One currently influential intervention philosophy is neoliberalism. The term encompasses a set of assumptions that have become widespread during last couple of years. Neoliberal policies are implemented in developing nations, including post socialist societies. Neoliberalism is the current form of the classic form of classic economic liberalism laid out in Adam Smith’s famous capitalist manifesto The Wealth of Nations, published in 1776 soon after the Industrial Revolution. Smith advocated laissez-faire economics as the basis of capitalism. The government should stay out of its nation’s economic affairs. Free trade, Smith thought was the best way for a nation’s economy to develop. There should be no restrictions on manufacturing, no barriers to commerce and no tariffs. This philosophy is called liberalism because it aimed at liberating or freeing the economy from government controls. Economic liberalism encouraged free enterprise and competition with the goal of generating profits.

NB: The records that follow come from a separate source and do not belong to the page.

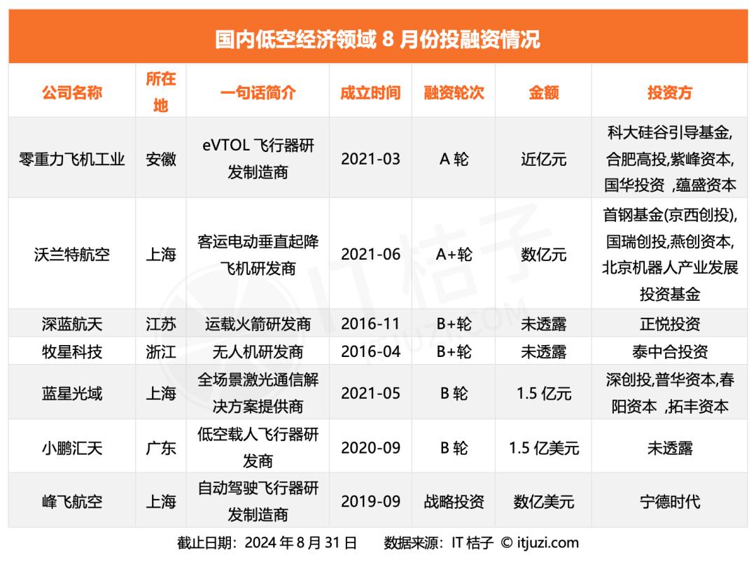 8月低空经济融资关键词:合肥高投、宁德时代、北京机器人产业基金均有出资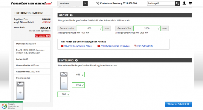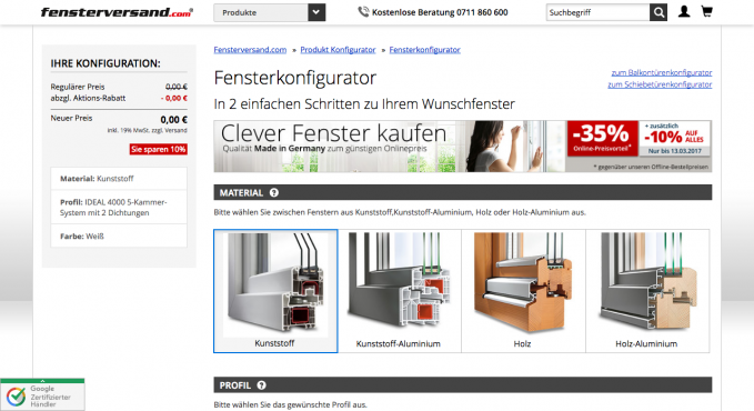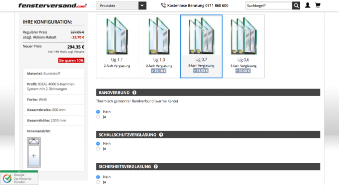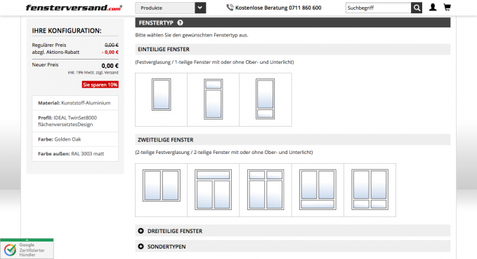 Der Konfigurator ist ideal für Kunden, die sich tief mit der Marterie auseinandersetzen und sich ein individuelles Fenster konfigurieren möchten.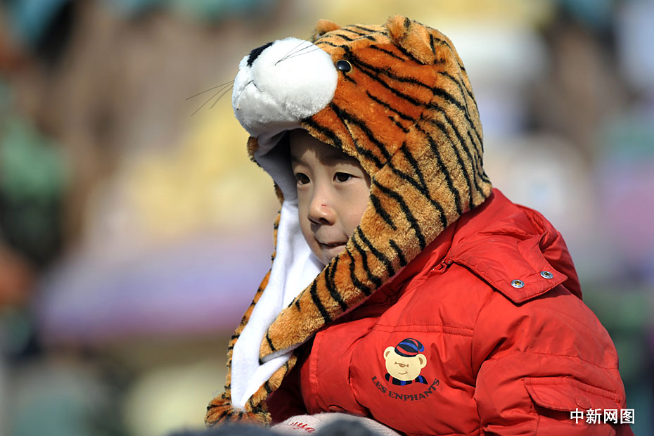 2月14日,農歷正月初一,北京各大傳統(tǒng)廟會、洋廟會爭相開幕,許多游客頭戴虎年飾品開心游廟會。中新網記者 金碩 攝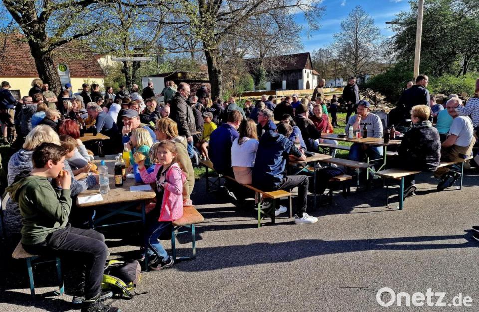 Viele Besucher beim Aufstellen des Maibaumes in Frauenricht dabei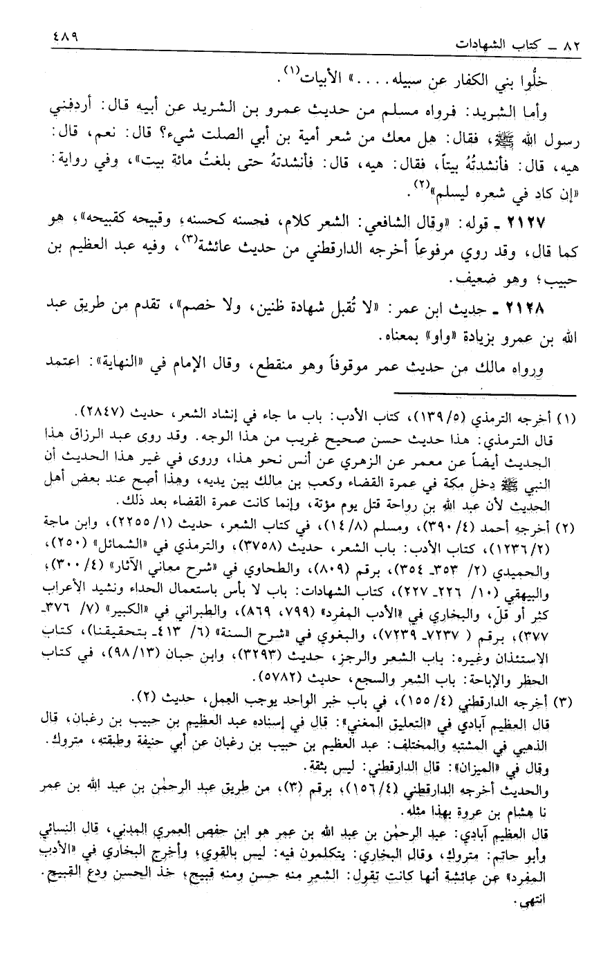 2127- قَوْلُهُ: "وَقَالَ الشَّافِعِيُّ الشِّعْرُ كَلَامٌ، فَحَسَنُهُ كَحَسَنِهِ، وَقَبِيحُهُ كَقَبِيحِهِ"، هُوَ كَمَا قَالَ، وَقَدْ رُوِيَ مَرْفُوعًا أَخْرَجَهُ الدَّارَقُطْنِيُّ مِنْ حَدِيثِ عَائِشَةَ3، وَفِيهِ عَبْدُ الْعَظِيمِ بْنُ حَبِيبٍ؛ وَهُوَ ضَعِيفٌ.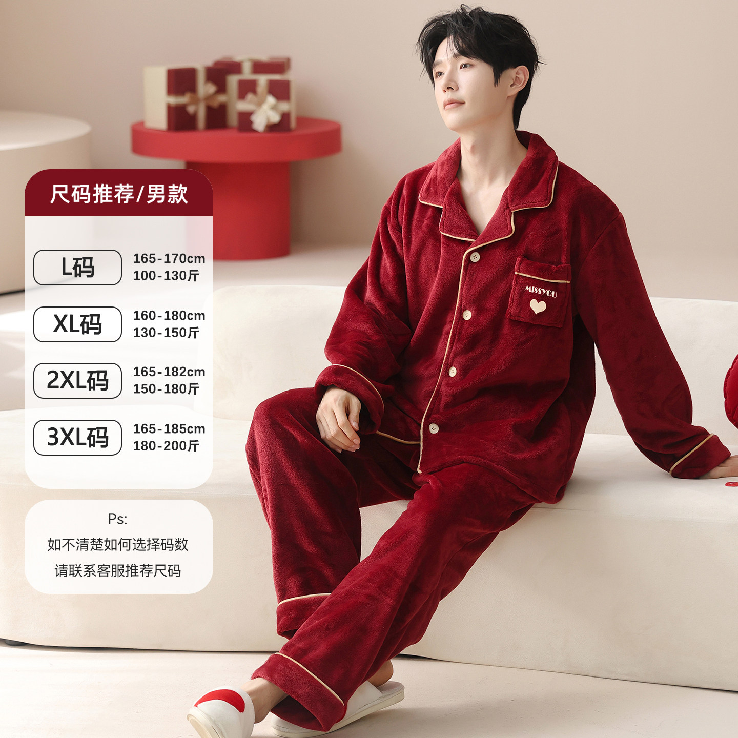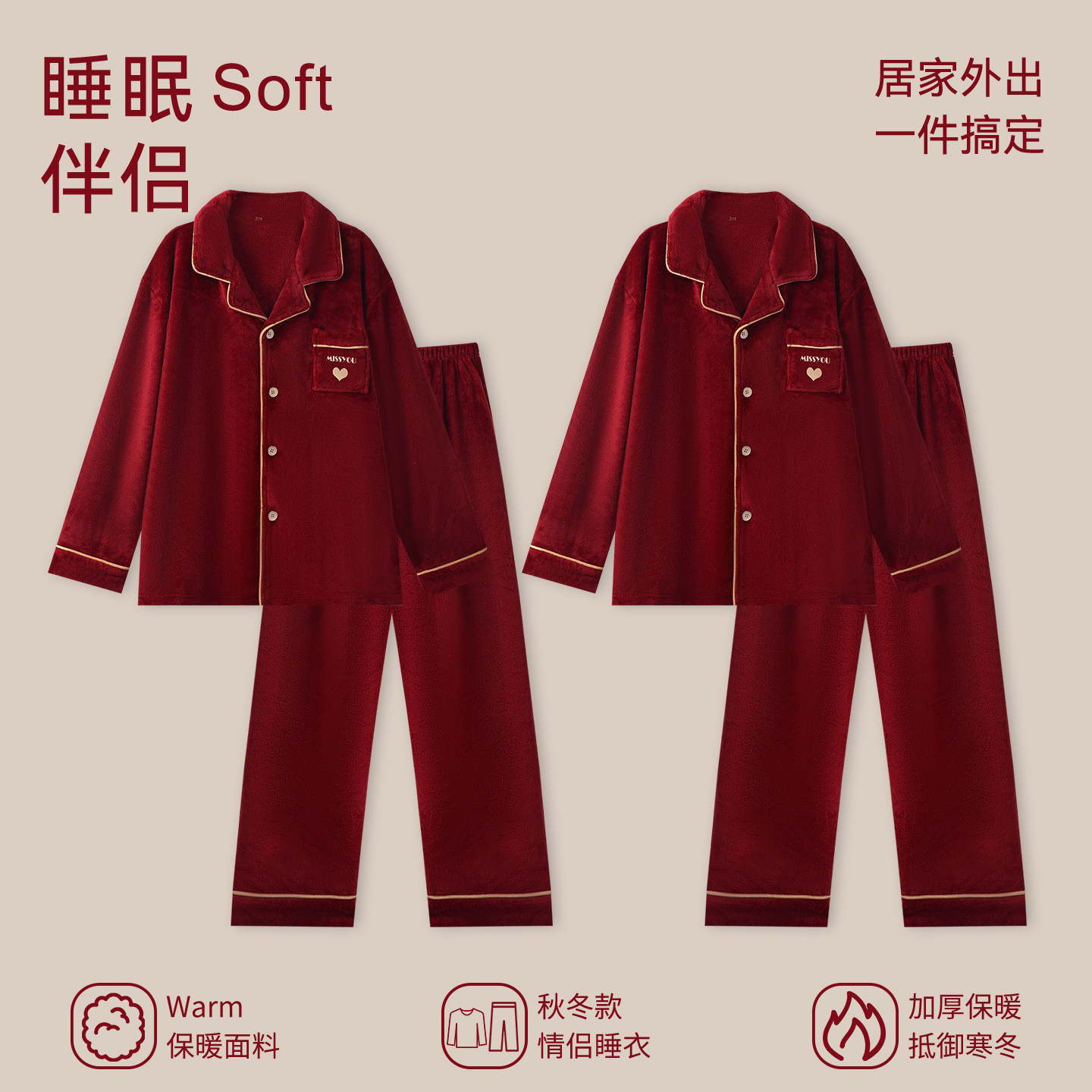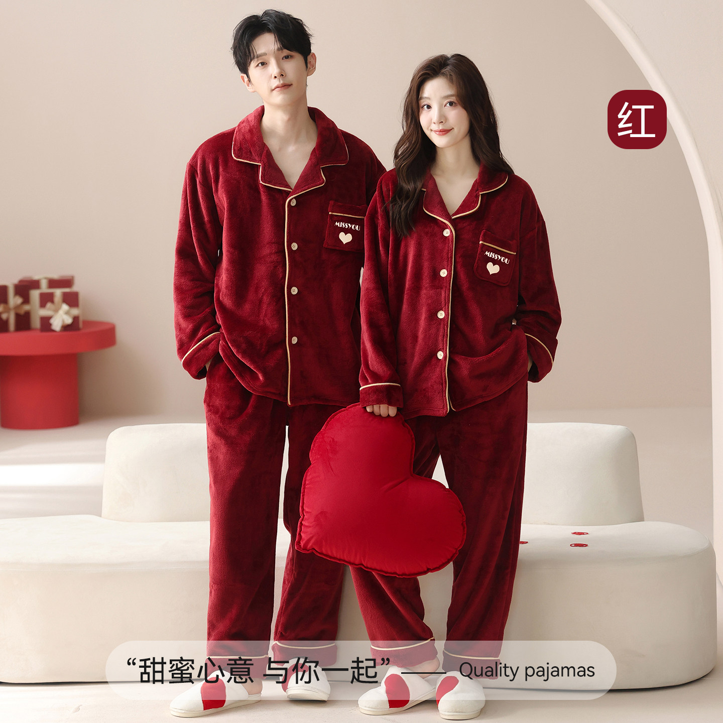 芬腾可安睡衣结婚新婚情侣套装红色冬季珊瑚绒加厚甜蜜情侣装男女

Economic liberalism prevailed in the United States under President Franklin Roosevelt’s New Deal during the 1930s. The Great Depression produced a turn to Keynesian economics which challenged liberalism. John Maynard Keynes insisted that full employment was necessary for capitalism to grow, that governments and central banks should intervene to increase employment and that government should promote the common good. Especially since the fall of Communism there has been a revival of economic liberalism now known as neoliberalism which has been spreading globally. Around the world, neoliberal policies have been imposed by powerful financial institutions such as IMF, the World Bank etc. Neoliberalism entails open international trade and investment. Profits are sought through lowering of costs whether through improving productivity, laying off workers or seeking workers who accept lower wages. In exchange of loans, the governments of post-socialist and developing nations have been required to accept the neoliberal premise that deregulation leads to economic growth which will eventually benefit everyone through a process called trickle down. Accompanying the belief in free markets and the idea of cutting costs is a tendency to impose austerity measures that cut government expenses. This can entail reduced public spending on education, health care and other social services.